FIG. 1 is a half sectional view showing a third generation hub unit bearing according to a first example of the embodiment. FIG. 2 is an enlarged view of section A in FIG. FIG. 3 is a cross-sectional view for explaining a method of assembling a hub unit bearing regarding the first example of the embodiment. FIG. 4 is a diagram corresponding to FIG. 2, showing a second example of the embodiment. FIG. 5 is a diagram corresponding to FIG. 2, showing a fourth example of the embodiment. FIG. 6 is a diagram corresponding to FIG. 2, showing a fifth example of the embodiment. FIG. 7 is a diagram corresponding to FIG. 2, showing a modification of the fifth example of the embodiment. FIG. 8 is a diagram corresponding to FIG. 1, showing a sixth example of the embodiment. FIG. 9 is an enlarged view of part B in FIG. 8. FIG. 10 is a diagram corresponding to FIG. 9, showing a first example of a modification of the sixth example of the embodiment. FIG. 11 is a diagram corresponding to FIG. 9, showing a fourth example of a modification of the sixth example of the embodiment. FIG. 12 is a diagram corresponding to FIG. 9, showing a fifth example of a modification of the sixth example of the embodiment. FIG. 13 is a half sectional view showing a first generation hub unit bearing with a conventional structure.
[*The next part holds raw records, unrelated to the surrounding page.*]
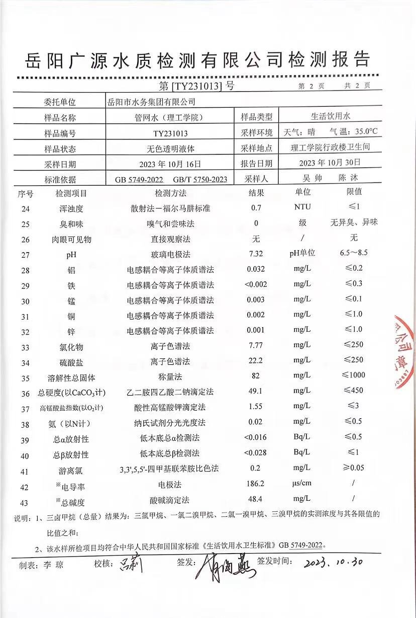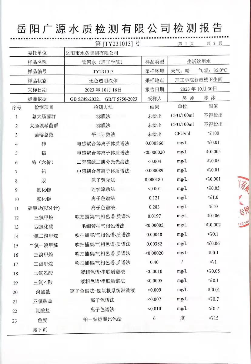 下一篇:2023年10月岳陽市水務(wù)集團(tuán)水源水水質(zhì)檢測月報(bào)表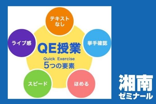 QE授業は、Quick Exerciseの略称で、「テキストなし・挙手確認・褒める・スピード・ライブ感」という5つの要素を持つ湘南ゼミナールオリジナルの授業です。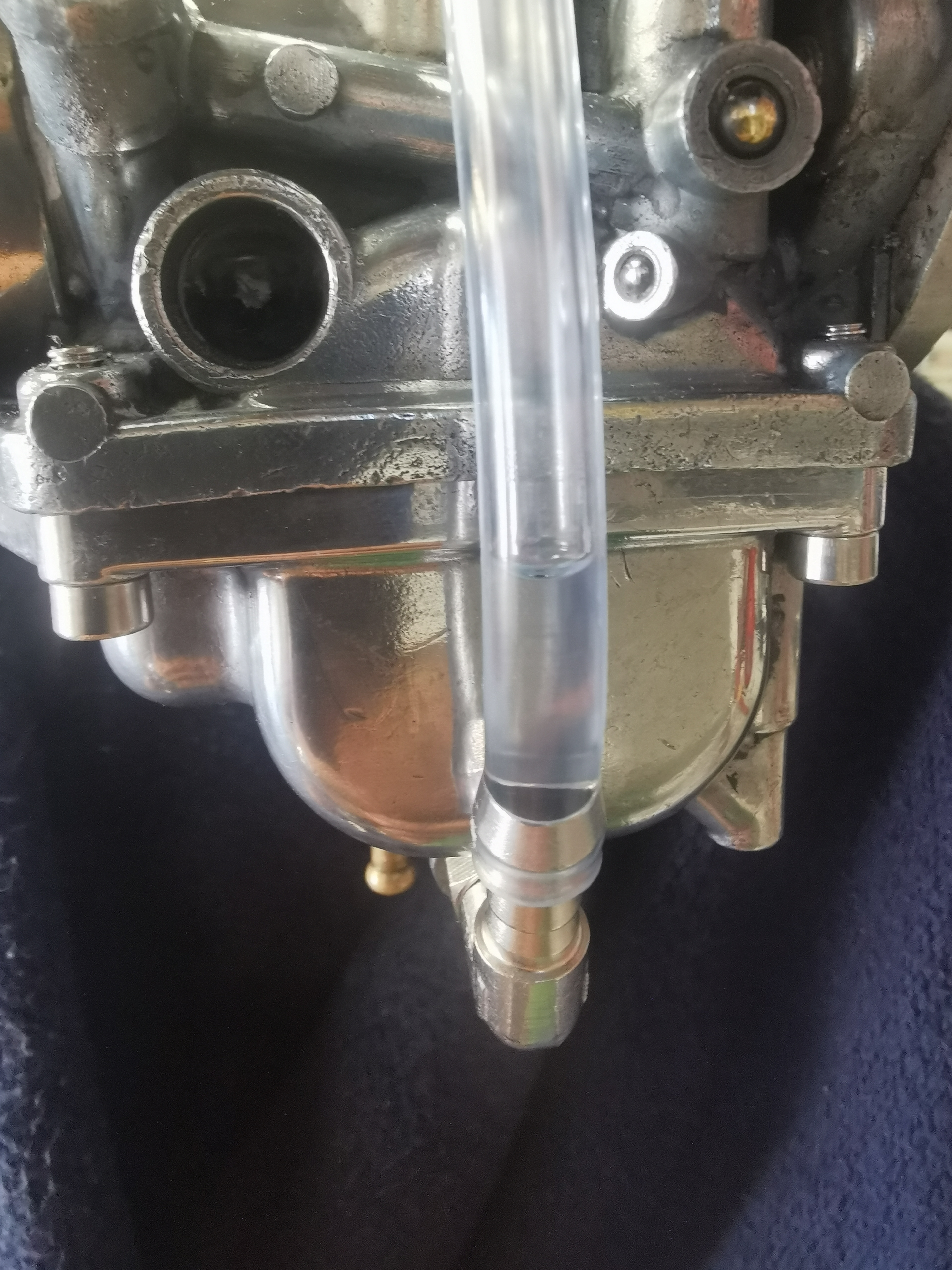 I've sourced a couple of M6 x 0.75 barbed elbow fittings for the drain screw threads and have started on number 4 as that seemed to be the odd one out - according to the manual I've got, the measurement is supposed to be 3mm (+/- 1mm) from the flange face where the float bowl and carb body meet to the top of the fuel level in the tube?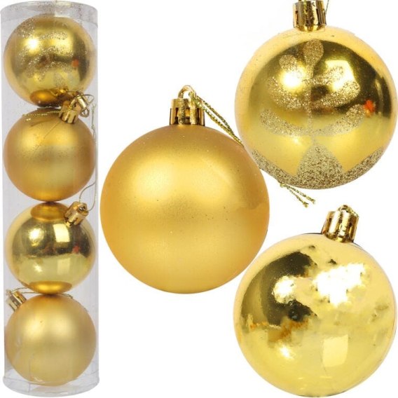 Zestaw czterech bombek plastikowych w tubie w kolorze złotym to elegancka dekoracja świąteczna, która doda blasku i stylu każdemu wnętrzu. W skład zestawu wchodzą dwie matowe bombki, jedna połyskowa oraz jedna ozdobiona dekoracyjnym detalem, co sprawia, że idealnie komponują się w różnych aranżacjach. Te efektowne zawieszki świetnie sprawdzą się na choince, w girlandach oraz w stroikach, wprowadzając natychmiastowy, ekskluzywny klimat do Twojego otoczenia. Wykonane z trwałego plastiku, są lekkie i łatwe w zawieszaniu, a ich wielkość 6 cm czyni je uniwersalnym dodatkiem do świątecznych dekoracji. Zapakowane w elegancki box PVC, te bombki stanowią doskonały wybór na wyjątkowe święta!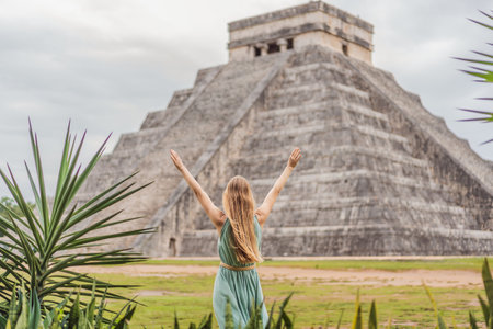 Beautiful tourist woman observing the old pyramid and temple of the castle of the Mayan architecture known as Chichen Itza these are the ruins of this ancient pre-columbian civilization and part of humanity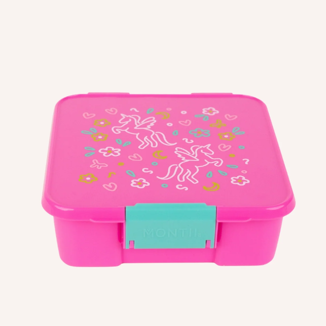 Med tre separate sektioner er Bento Three designet til ældre børn, voksne og små med en større appetit! Pak en hel sandwich, rugbrød, wraps eller endda croissanter i den store sektion. De opdelte lækagesikre* sektioner gør det muligt at pakke frugt, grøntsager, kiks eller yoghurt side om side.

[First example of embodiment]
A first example of the embodiment will be described using FIGS. 1 to 3.

[Structure of hub unit bearing]
The hub unit bearing 1 is a so-called third generation hub unit bearing of an inner ring rotating type and for a driven wheel. The hub unit bearing 1 includes an outer ring 2, a hub 3, a plurality of rolling elements 4a and 4b, an outer sealing member 5, and an inner sealing member 6.
Regarding the hub unit bearing 1, the axially outer side is the left side in FIGS. 1 to 3, which is the outer side in the width direction of the vehicle when assembled to the vehicle, and the axially inner side is the outer side in the width direction of the vehicle when assembled to the vehicle. This is the right side of FIGS. 1 to 3, which is the center side in the direction. Further, the axial direction, radial direction, and circumferential direction refer to each direction regarding the hub 3 unless otherwise specified.
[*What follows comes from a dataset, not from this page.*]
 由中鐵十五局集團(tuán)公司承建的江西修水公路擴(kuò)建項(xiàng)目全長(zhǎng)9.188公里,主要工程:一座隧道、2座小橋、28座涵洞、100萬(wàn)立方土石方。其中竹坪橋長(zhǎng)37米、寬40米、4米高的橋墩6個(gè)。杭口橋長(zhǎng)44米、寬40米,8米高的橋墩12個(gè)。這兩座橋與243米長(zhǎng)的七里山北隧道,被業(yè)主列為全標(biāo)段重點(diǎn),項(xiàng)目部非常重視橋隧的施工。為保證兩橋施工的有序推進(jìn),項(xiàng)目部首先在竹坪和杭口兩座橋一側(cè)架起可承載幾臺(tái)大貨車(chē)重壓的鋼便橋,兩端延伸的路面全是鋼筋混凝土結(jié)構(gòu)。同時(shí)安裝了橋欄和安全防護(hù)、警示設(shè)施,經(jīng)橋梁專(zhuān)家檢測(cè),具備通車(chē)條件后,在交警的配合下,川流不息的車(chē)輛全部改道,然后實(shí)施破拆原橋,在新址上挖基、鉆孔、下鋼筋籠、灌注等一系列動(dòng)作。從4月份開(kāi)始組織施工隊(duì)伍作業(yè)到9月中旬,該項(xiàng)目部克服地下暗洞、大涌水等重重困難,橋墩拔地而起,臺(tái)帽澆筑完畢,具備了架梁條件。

The outer ring 2 is made of hard metal such as medium carbon steel and has a substantially cylindrical shape. The outer ring 2 has double-row outer ring raceways 7a and 7b on its inner circumferential surface, and has a stationary flange 8 projecting radially outward at an axially intermediate portion of its outer circumferential surface. The stationary flange 8 has support holes 9 extending in the axial direction at a plurality of locations in the circumferential direction. The outer ring 2 is supported and fixed to a suspension device, which is a member on the vehicle body side, by bolts inserted into the support holes 9, and does not rotate during use.
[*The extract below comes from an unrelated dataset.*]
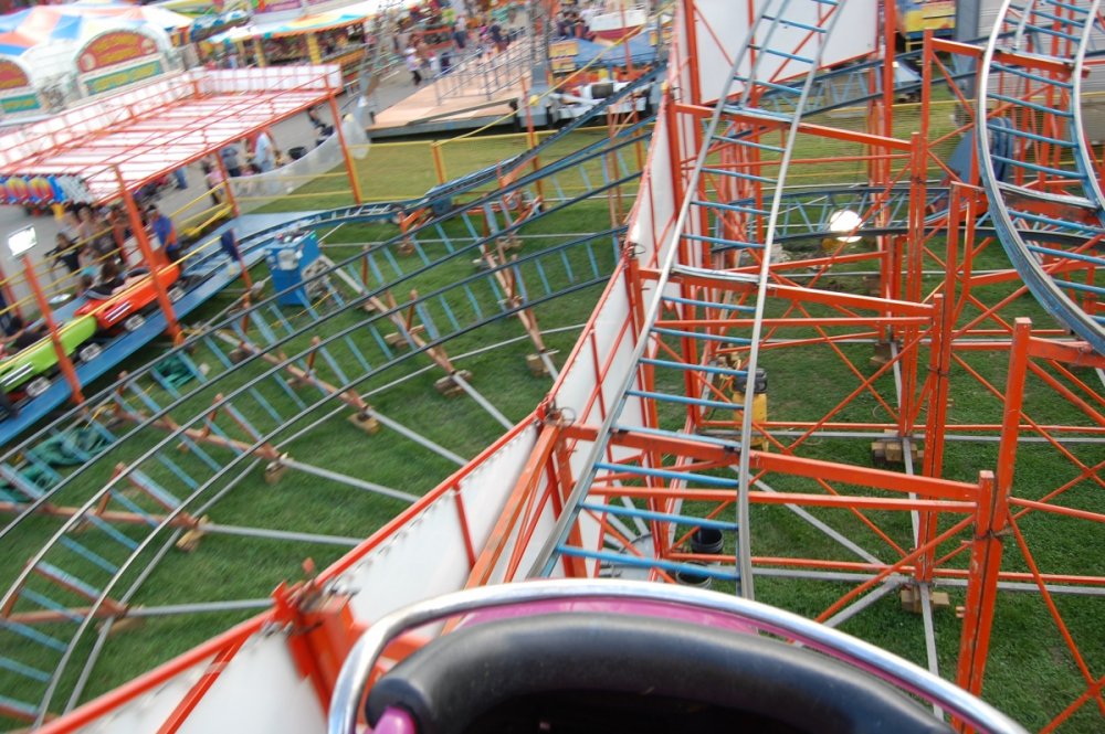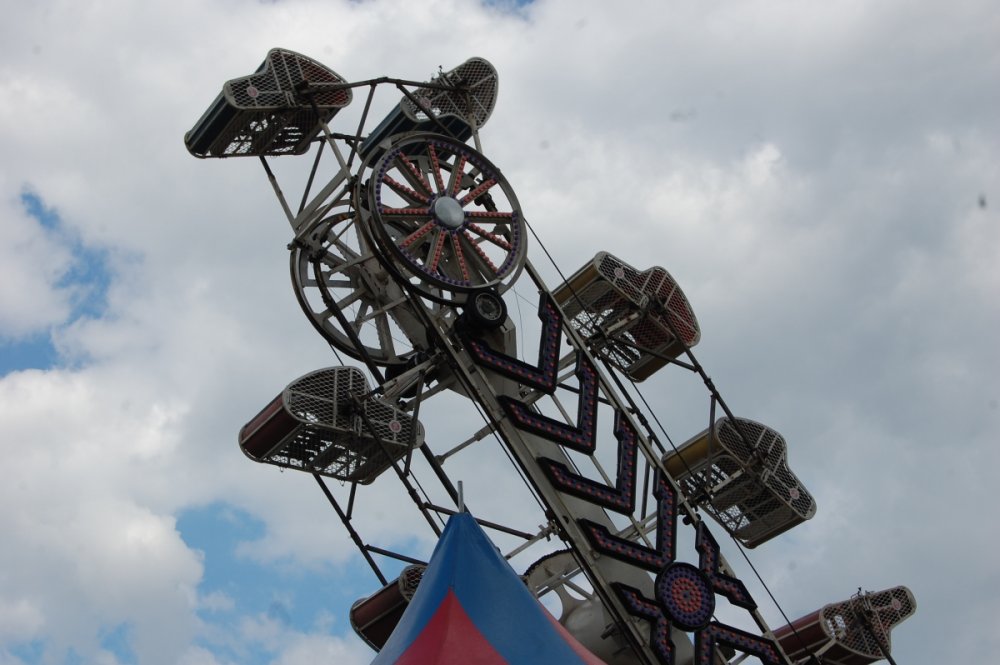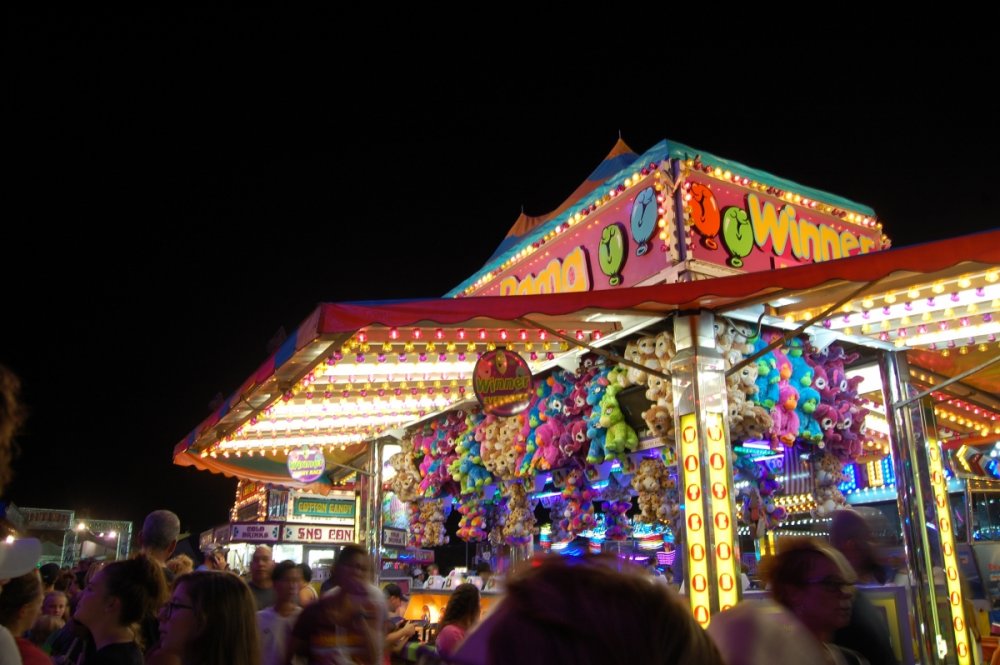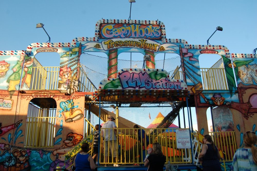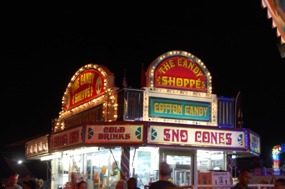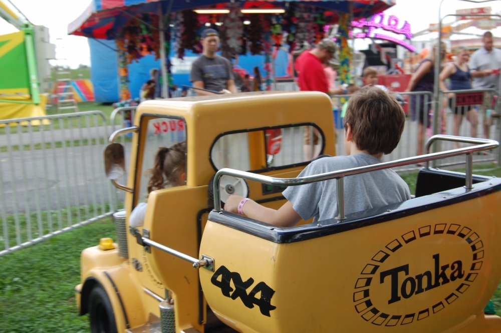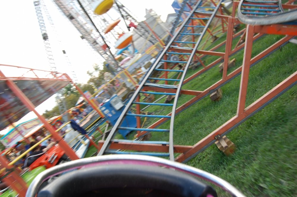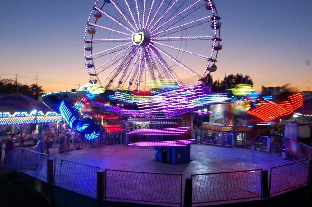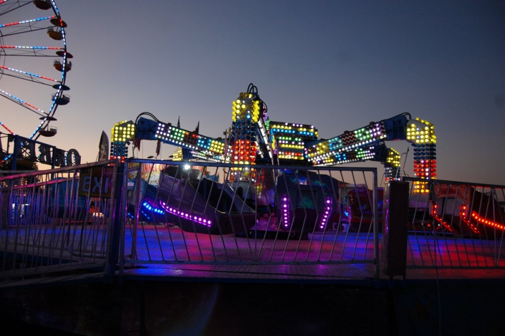 1. Yeah, it's not a half bad midway, and the fair overall is a really nice one. It surrounds a half-mile horse track. The midway runs the length of the front stretch behind the grandstand and curves around turn 4, outside turn 3 is the animal area/barns, along the outside of the back stretch is mainly for farm equipment dealers with food and other vendors scattered throughout, and outside turns 1 and 2 are the main food area and exhibit pavilions.

As shown in FIG. 2, the outer ring 2 has a tapered outer ring seal sliding surface 10 at the axially outer end of the inner peripheral surface. The outer ring seal sliding surface 10 is inclined by several degrees in a direction in which the inner diameter becomes larger toward the outer side in the axial direction. Further, the outer ring 2 has an outer ring locking groove 11 between the outer ring seal sliding surface 10 and the axially outer outer ring raceway 7a on the inner peripheral surface. The outer ring locking groove 11 is provided on the inner peripheral surface of the outer ring 2 over the entire circumference, and has a substantially rectangular cross-sectional shape. A pair of groove inner surfaces 12a and 12b forming the inner surface of the outer ring locking groove 11 have the same radial depth dimension.

The hub 3 is arranged radially inside the outer ring 2 and coaxially with the outer ring 2. A wheel and a braking rotating body constituting the wheel are fixed to the hub 3, and rotate during use. The hub 3 is formed by combining a hub ring 13 made of hard metal such as medium carbon steel and an inner ring 14 made of hard metal such as high carbon chromium steel. The hub 3 has double-row inner ring raceways 15a, 15b on a portion of its outer peripheral surface that faces the double-row outer ring raceways 7a, 7b.

The hub ring 13 is a shaft member that externally fits and holds the inner ring 14 . Since the hub unit bearing 1 of this example is for a driven wheel, the hub wheel 13 is not connected to a constant velocity joint.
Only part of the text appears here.